- **WHAT TO PRODUCE**
In the listing below, find the line containing "Handcrafted pounamu shaped" and the line containing "Blús mórdhíola codarsnachta". Repeat exactly those two lines and every line between them, nothing more.

- **SUPPLIED RECORDS**
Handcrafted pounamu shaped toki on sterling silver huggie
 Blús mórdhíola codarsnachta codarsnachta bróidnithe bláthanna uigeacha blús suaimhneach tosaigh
--
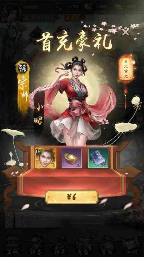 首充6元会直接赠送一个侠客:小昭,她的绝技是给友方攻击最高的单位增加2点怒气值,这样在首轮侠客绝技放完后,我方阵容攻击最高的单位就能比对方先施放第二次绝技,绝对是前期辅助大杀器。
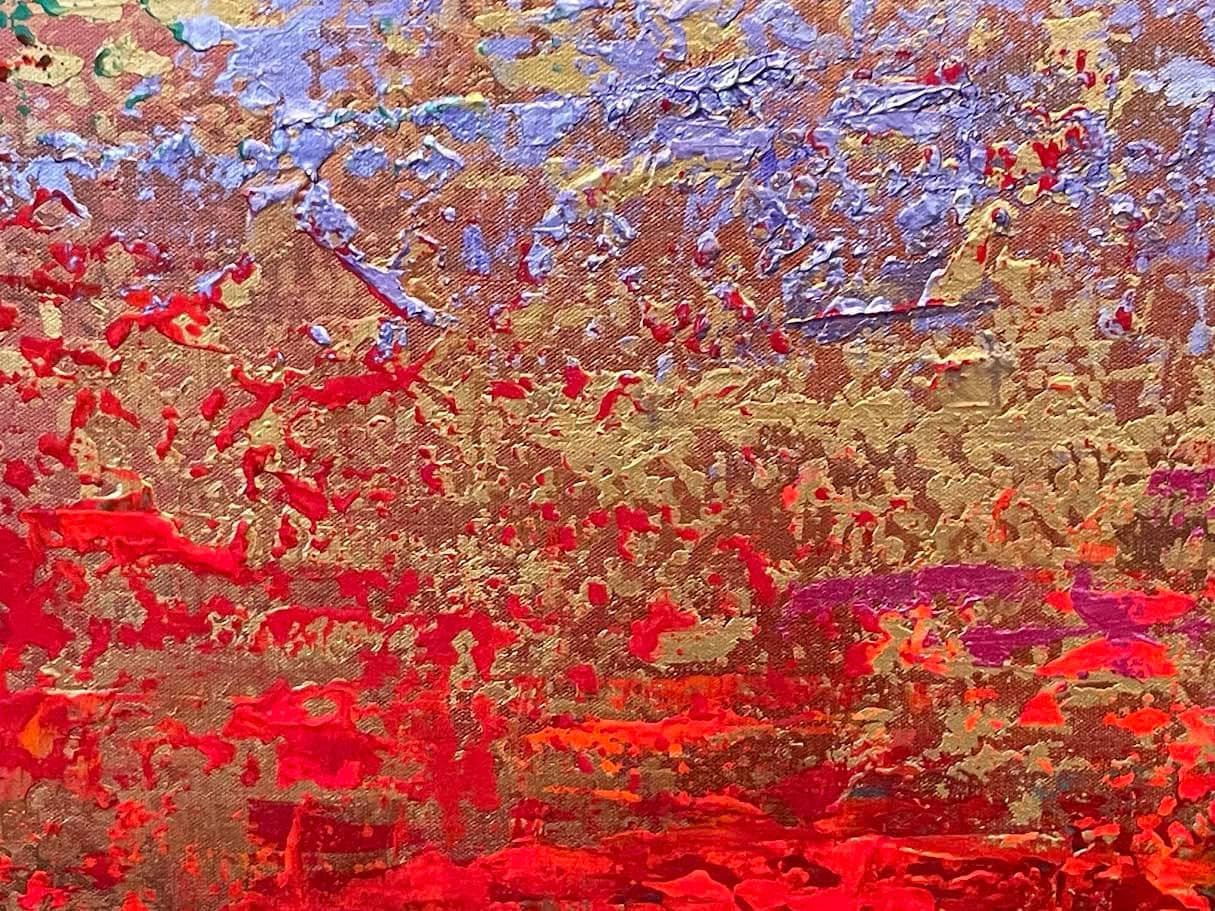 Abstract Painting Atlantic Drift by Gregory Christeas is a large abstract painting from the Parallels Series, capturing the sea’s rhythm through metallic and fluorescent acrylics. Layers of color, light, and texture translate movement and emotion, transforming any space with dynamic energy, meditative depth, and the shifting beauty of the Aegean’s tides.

- **WRITTEN SOLUTION**
Handcrafted pounamu shaped toki on sterling silver huggie
 Blús mórdhíola codarsnachta codarsnachta bróidnithe bláthanna uigeacha blús suaimhneach tosaigh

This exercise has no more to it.